> Task statement
Beginning with the line that contains "神社は意外にカラフルな色に包", write out each remaining line of the records below exactly. Do not copy any picture.

> Data
---*---

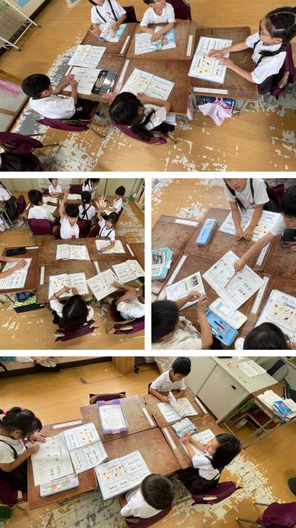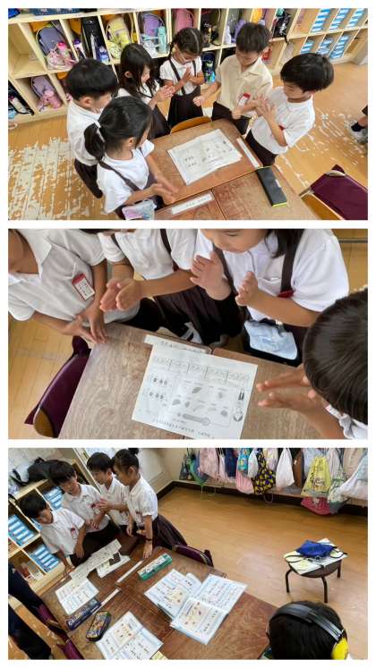 音楽科の時間は、みんなで「リズムづくり」をしました。
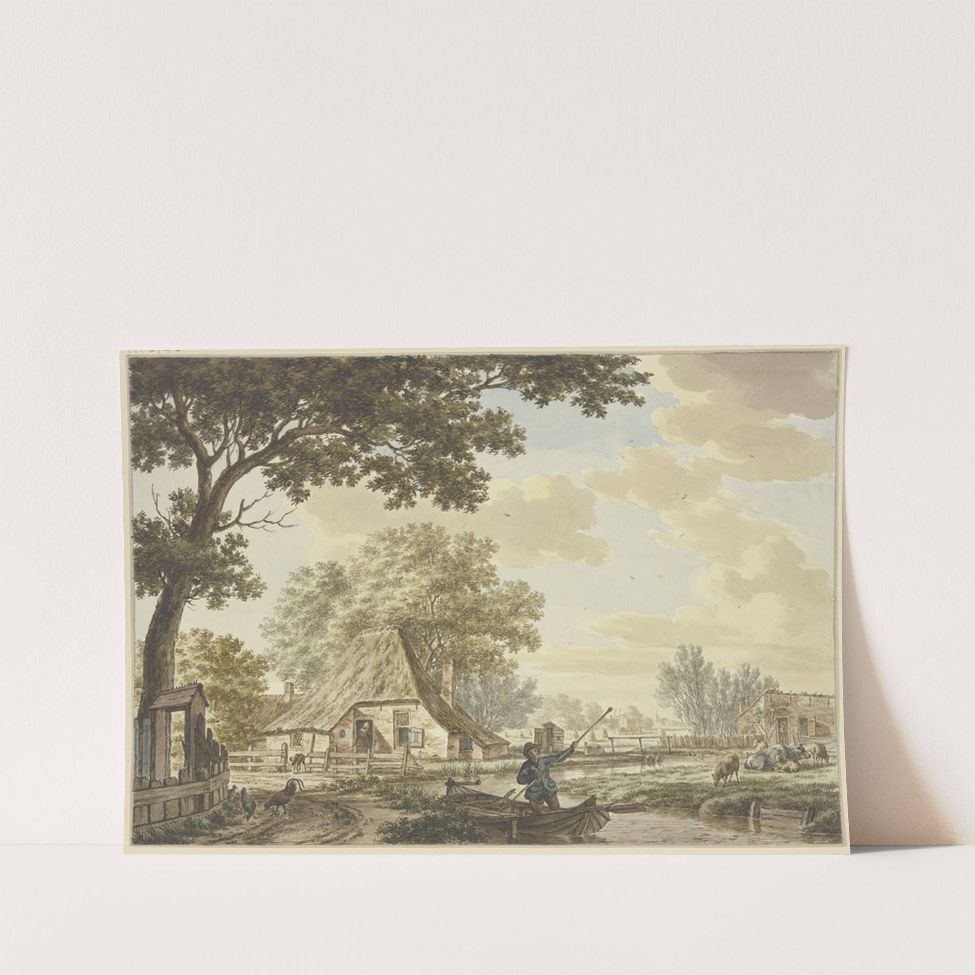 Enger Kanal bei einem Dorf, darauf ein Mann in einem Kahn, rechts Vieh, links Hühner by Jacob Cats - Wall Art Print
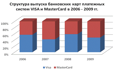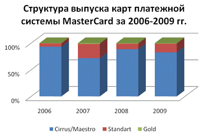 Рис. 5. Структура выпуска карт платежной системы MasterCard за 2006-2009 гг.
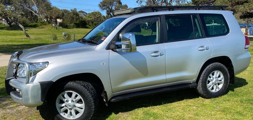 Features: Toyota Landcruiser V8 4500cc diesel, automatic transmission, airco, radio with USB, 93 litres fuel tank, fuel consumption 11-12 litres per 100 km, 8 seats with seat belts (maximum 5 adults and 3 children), 3 anchor points for child or booster seats, sunroof, bullbar, roof racks, 12V air compressor and electric brake controller. Permitted on the Gibb River Road and side tracks.
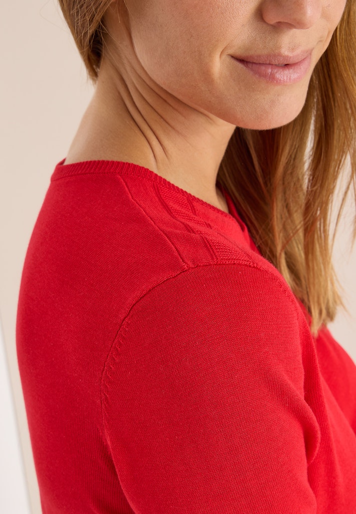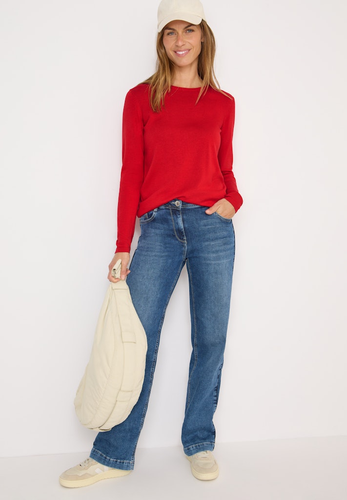Der Basic Strickpullover von CECIL für Damen punktet mit klassischem Rundhalsausschnitt und einem feinen Detail an der Schulter. Die angenehme Strickqualität sorgt für hohen Tragekomfort im Alltag. Ein unkompliziertes Lieblingsstück für vielseitige Stylings. Strickpullover Rundhalsausschnitt Langarm Detail an der Schulter Angenehme Strickqualität Material: 60% Baumwolle, 40% Viskose
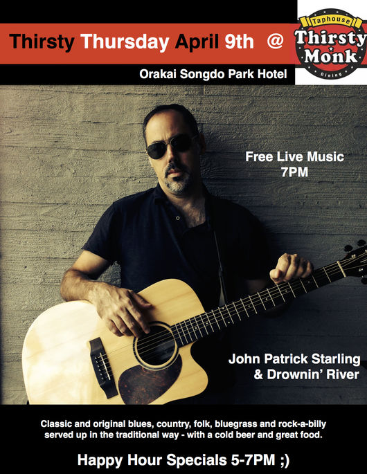 아메리칸 싱어송 라이터이자 송도 거주민인 존 패트릭 스탈링(John Patrick Starling)과 그가 이끄는 '드라우닝 리버(Drownin River)'가 오라카이 송도파크 호텔 써시티 몽크에서 매월 둘째 주 목요일 공연에 나선다. 첫 번째 공연은 오는 9일 저녁 7시이며 써시티 몽크를 찾는 이들은 무료로 공연을 즐길 수 있다.
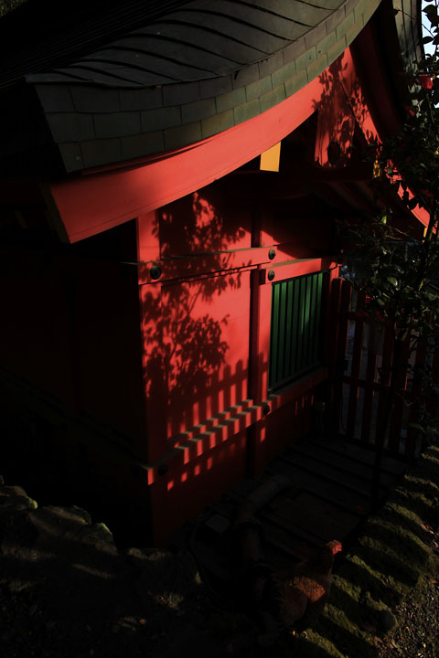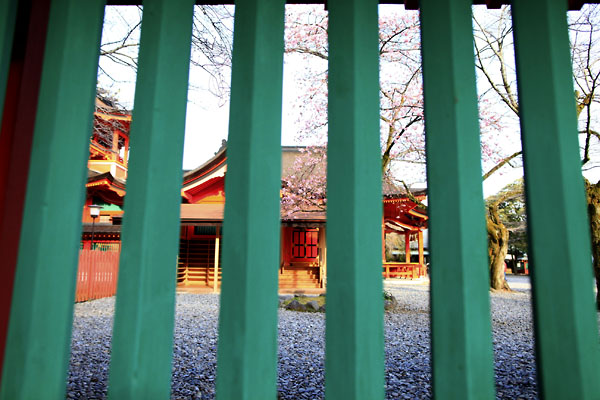 神社は意外にカラフルな色に包まれている。緋色の赤、境内の柵は、この色は何色と表現したらよいのだろうか、、暗苔緑。。だろうか。そして境内に咲く寒桜のピンク。日本の伝統色に包まれる境内は、日本の美を、四季の移り変わりを見事に実直に表している。
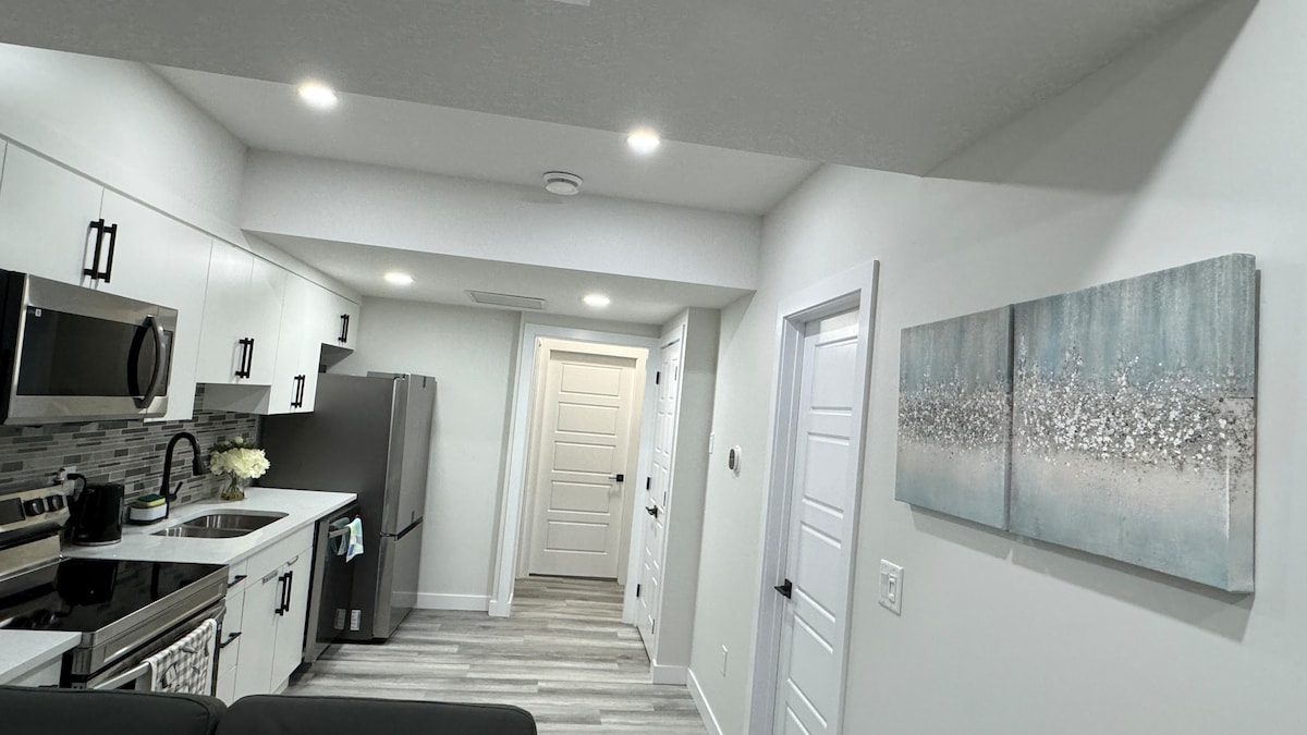 现代双卧室地下室套房,靠近埃德蒙顿机场
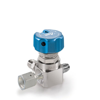 Item # HM304VKLRGF4GM4GM4 , HM Series, Low Pressure UHP Manual 3 Port Valve, Swivel Female 1/4” x Swivel Male 1/4” x Swivel Male 1/4”

---*---

> Exercise output
 神社は意外にカラフルな色に包まれている。緋色の赤、境内の柵は、この色は何色と表現したらよいのだろうか、、暗苔緑。。だろうか。そして境内に咲く寒桜のピンク。日本の伝統色に包まれる境内は、日本の美を、四季の移り変わりを見事に実直に表している。
 现代双卧室地下室套房,靠近埃德蒙顿机场
 Item # HM304VKLRGF4GM4GM4 , HM Series, Low Pressure UHP Manual 3 Port Valve, Swivel Female 1/4” x Swivel Male 1/4” x Swivel Male 1/4”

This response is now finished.